The pharmacokinetic model characterized phenobarbital pharmacokinetics in patients with RSE and SRSE, showing high oral bioavailability and IBW's impact on V and CL. High pharmacokinetic variability led to low target attainment. Model-informed precision dosing might improve target attainment in the future.

摘要

目的

目前基于体重的给药方式未能考虑难治性和超难治性癫痫持续状态(RSE,SRSE)患者的药代动力学变异性。然而,了解不同程度器官功能障碍的重症患者的药代动力学,可提高安全性和有效性。因此,本研究旨在量化关键药代动力学变异性,以实现RSE和SRSE的个体化给药。

方法

对一所三级学术中心神经重症监护病房收治的RSE和SRSE患者进行回顾性筛查,获取苯巴比妥的治疗药物监测(TDM)样本。从电子健康记录中收集人口统计学、实验室数据、合并用药及给药史。通过MONOLIX采用非线性混合效应建模方法,建立群体药代动力学模型。
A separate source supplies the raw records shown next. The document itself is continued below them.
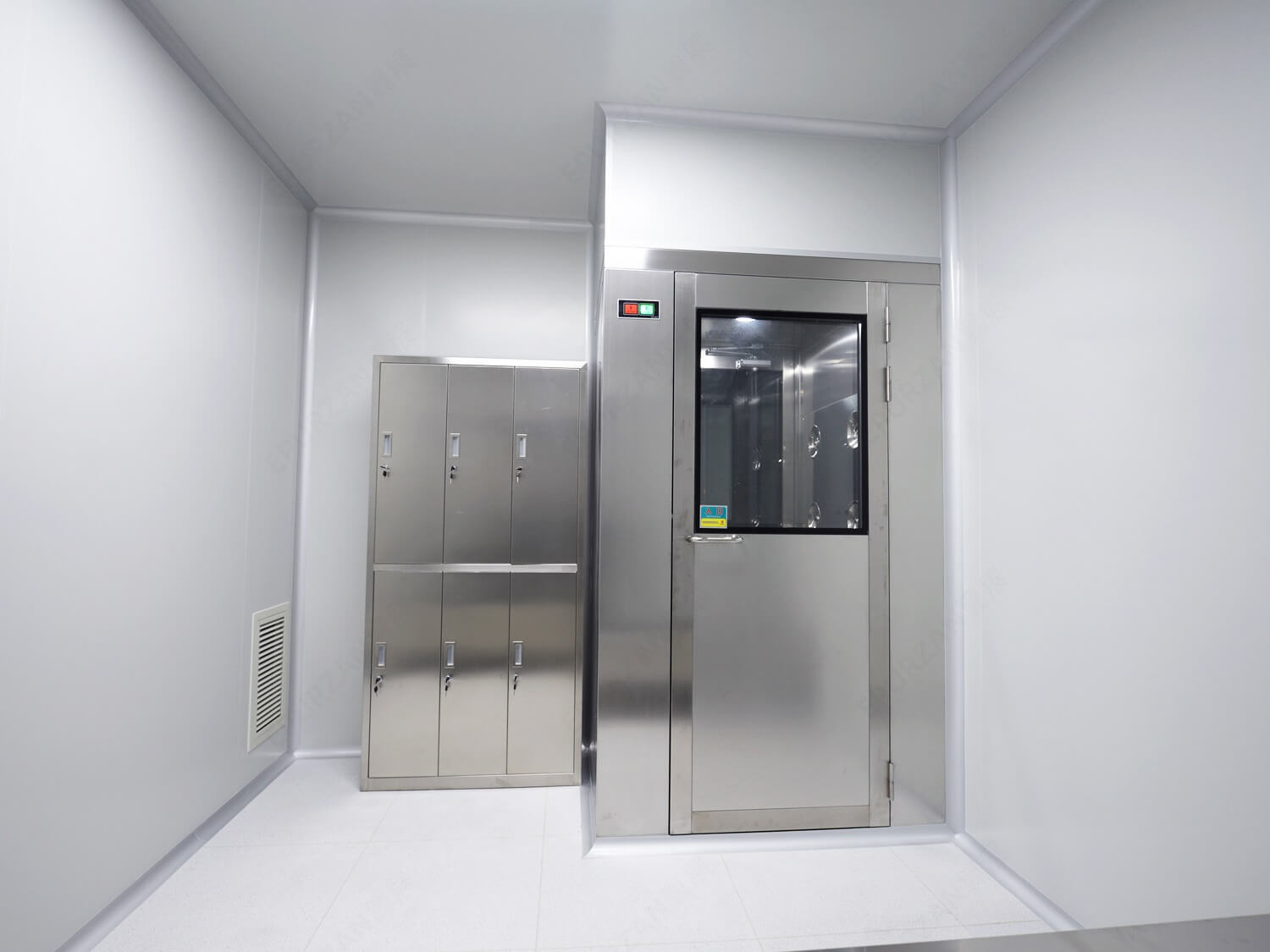 3,进入无尘净化车间之前先进入缓冲区,缓冲区门安装电子互锁,更衣处放置洁净储衣柜,空气清新机。
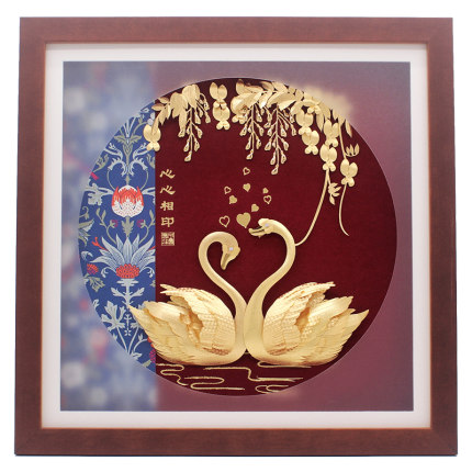 结婚礼物心心相印天鹅金箔画送新人新娘闺蜜朋友创意新婚轻奢摆件
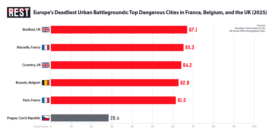Stitching these nightmares? Unfettered borders. EU-wide, robberies climbed 2.7% in 2023, thefts 4.8%—trends accelerating in migrant corridors. Hoover Institution warns of “dangers” from weak reactions, as Poland’s “imported crime” echoes across the pond. In these trio, 120,000+ annual immigrants strain resources, birthing “parallel societies” where crime festers—300% youth spikes in Brussels’ immigrant zones since 2015, mirroring France’s banlieue blasts. Critics decry stifled speech: France’s hate laws, Belgium’s bar-sentences, UK’s “two-tier policing.”
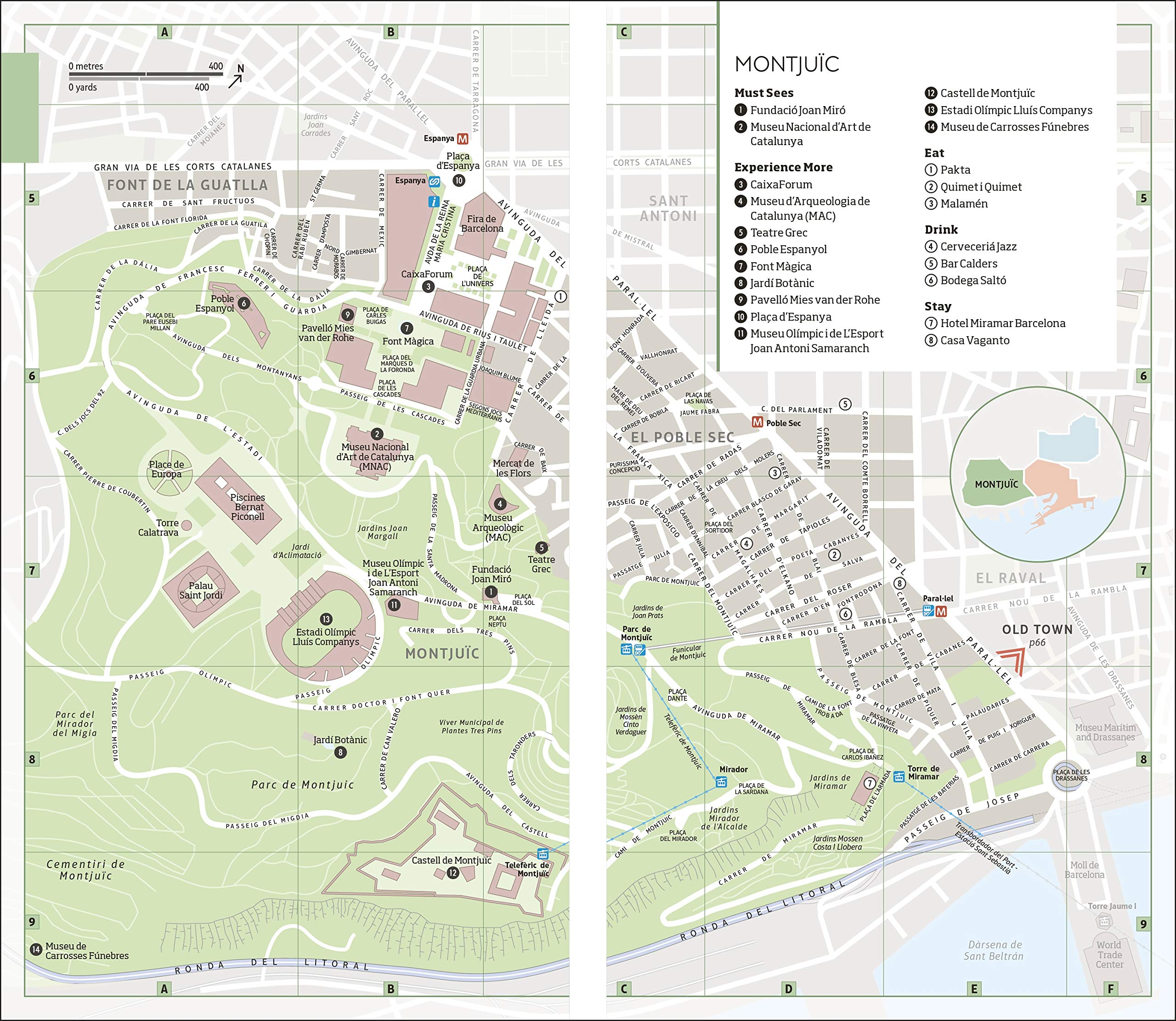 - colour-coded chapters to every part of Barcelona and Catalonia, from Old town to beyond the centre, Eixample to Montjuïc
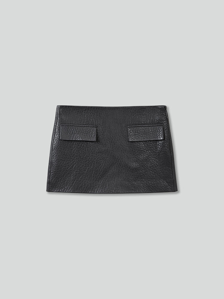 Carefully crafted from luxurious lamb leather, this piece undergoes a complex, specialized treatment, resulting in a glossy surface with a delicate texture and a smooth feel. The leather offers excellent flexibility, stretch, and elasticity, reflecting its high-quality craftsmanship. The comfortable mid-rise waist is paired with decorative flap pockets, adding rich detail to enhance the overall design. A side zipper closure provides a snug fit and makes it easy to wear. The back features a structured, tailored cut that subtly tapers the silhouette, accentuating the waist-to-hip ratio.
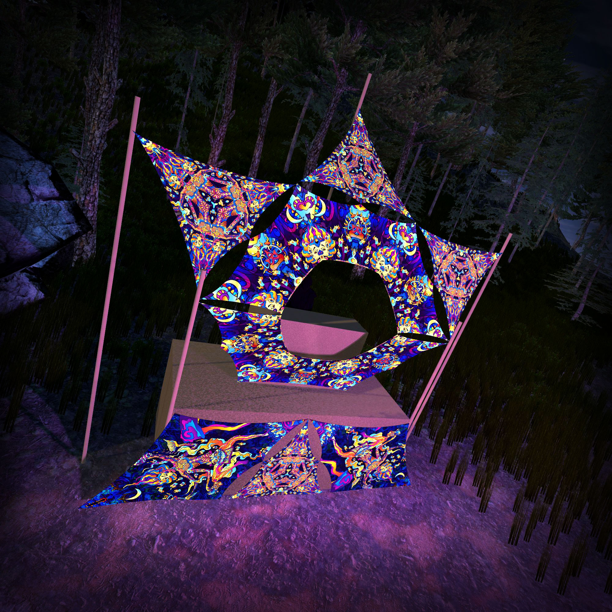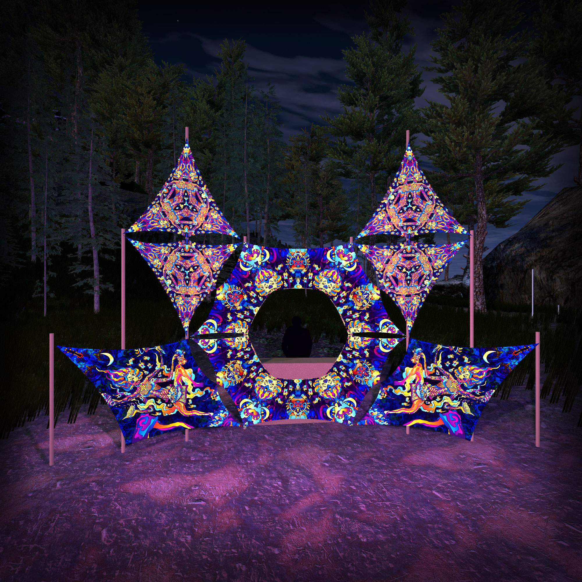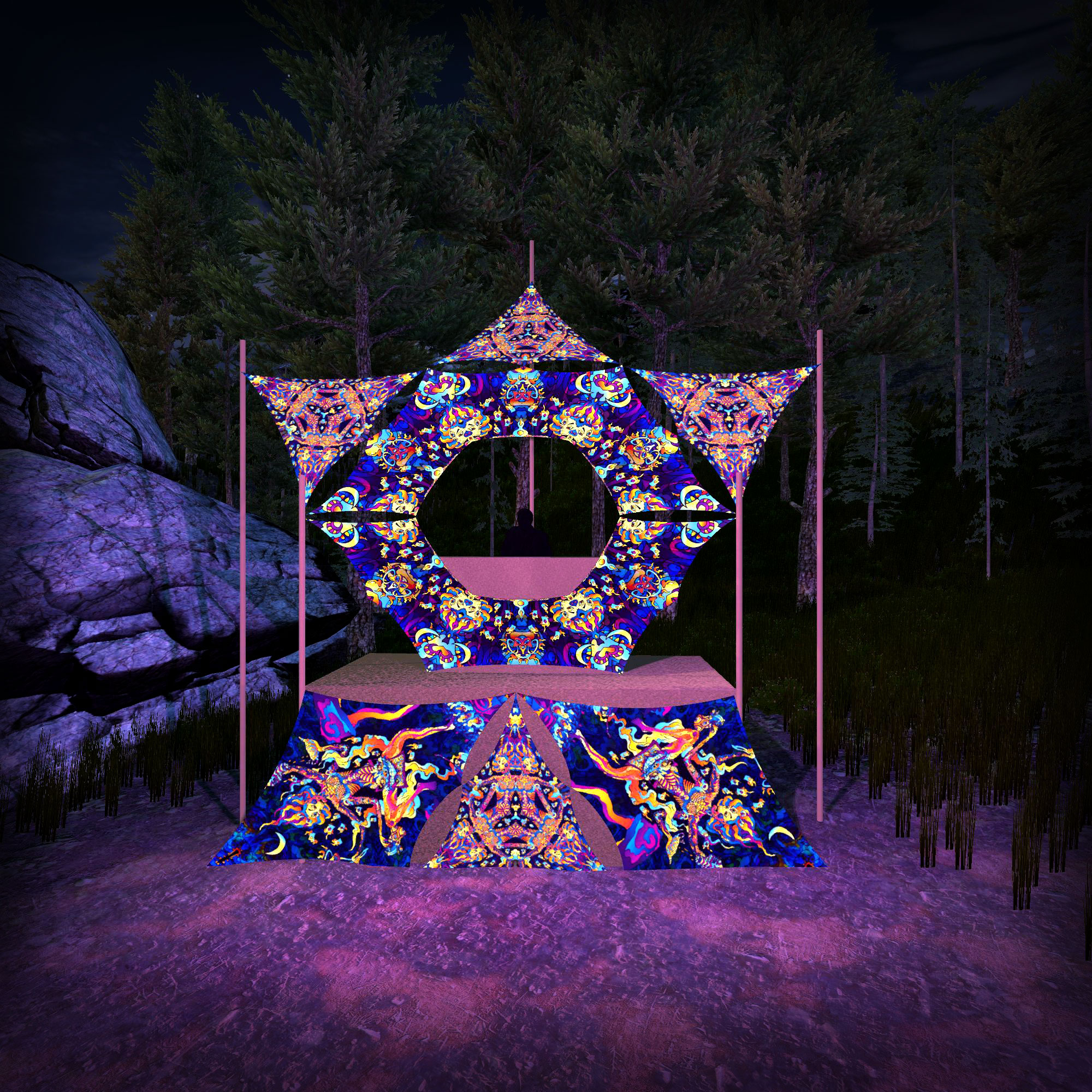 Kali in Acidland Donut DJ-Stage Decor V1 – Psychedelic UV-Reactive Party Decoration
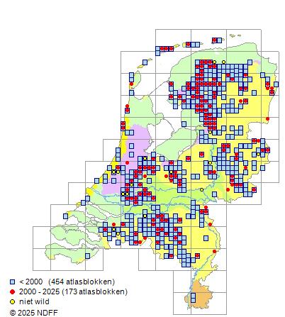 Bron: FLORON - Gemodelleerd op basis van waarnemingen uit de NDFF voor de periode 2000-2021.
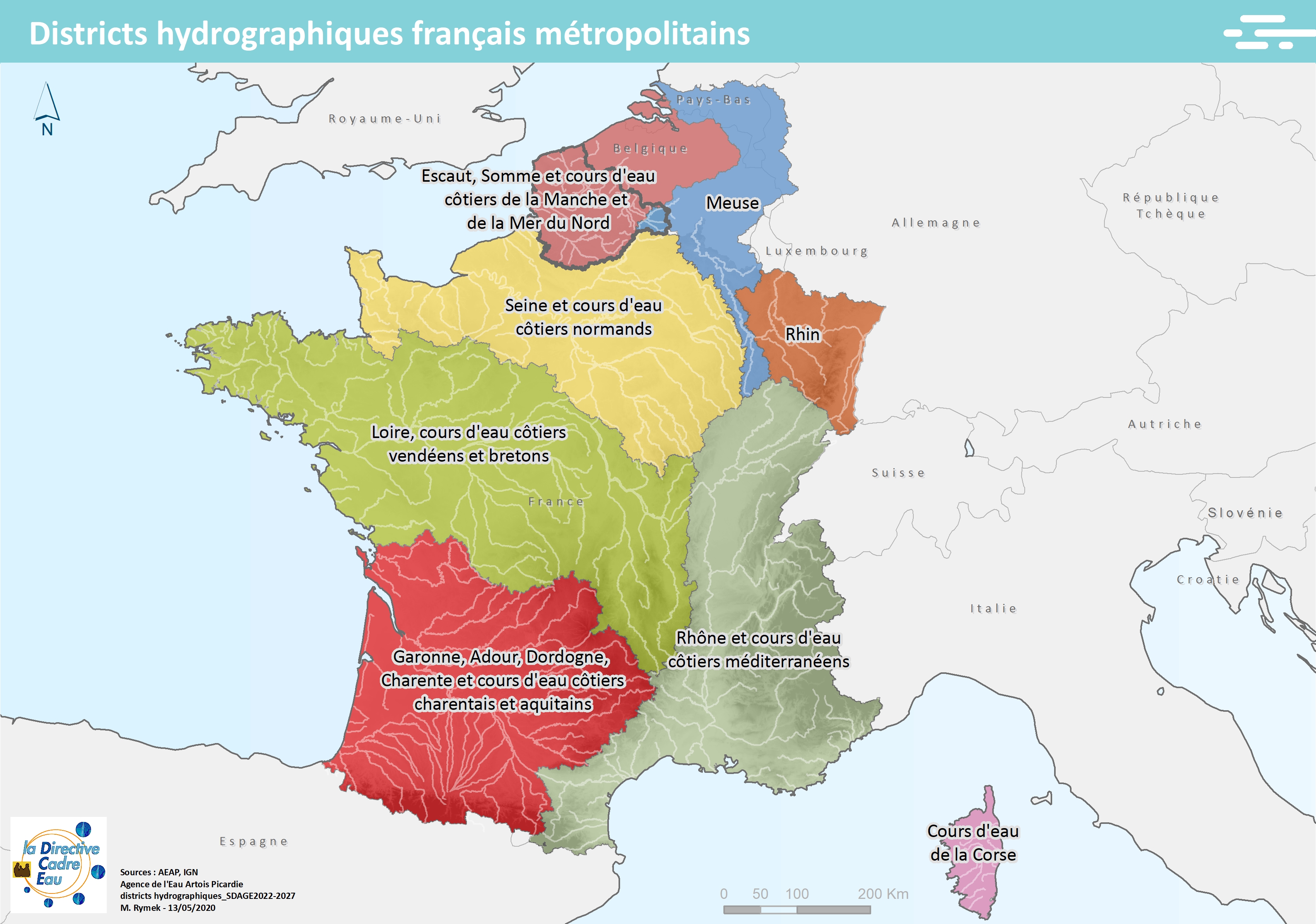 Cette carte issue du SDAGE 2022-2027 présente les districts hydrographiques français métropolitains

基于估计参数模拟最佳给药方案,并计算18 - 40mg/L的苯巴比妥谷血浆浓度的达标率。

结果

37例患者提供了301份TDM样本。口服生物利用度(96%)、分布容积(V;34.3L)和全身清除率(CL;0.38L/h)与非重症监护文献数据一致。作为异速生长标度实施的理想体重(IBW)是唯一能改善模型拟合的显著协变量,与所需苯巴比妥剂量呈正相关。模拟确定了最佳的12小时给药策略。口服和静脉给药在负荷剂量上有微小差异,但维持剂量相同,两种给药方式对达标率均无显著影响。变异系数(CV)显示,重症监护患者个体间(V的CV为81.36%,CL的CV为41.36%)和个体内(CL的CV为36.85%)变异性较高,导致模拟患者的达标率较低(约40%)。

意义

该药代动力学模型表征了RSE和SRSE患者的苯巴比妥药代动力学,显示出高口服生物利用度以及IBW对V和CL的影响。高药代动力学变异性导致达标率较低。模型指导的精准给药未来可能会提高达标率。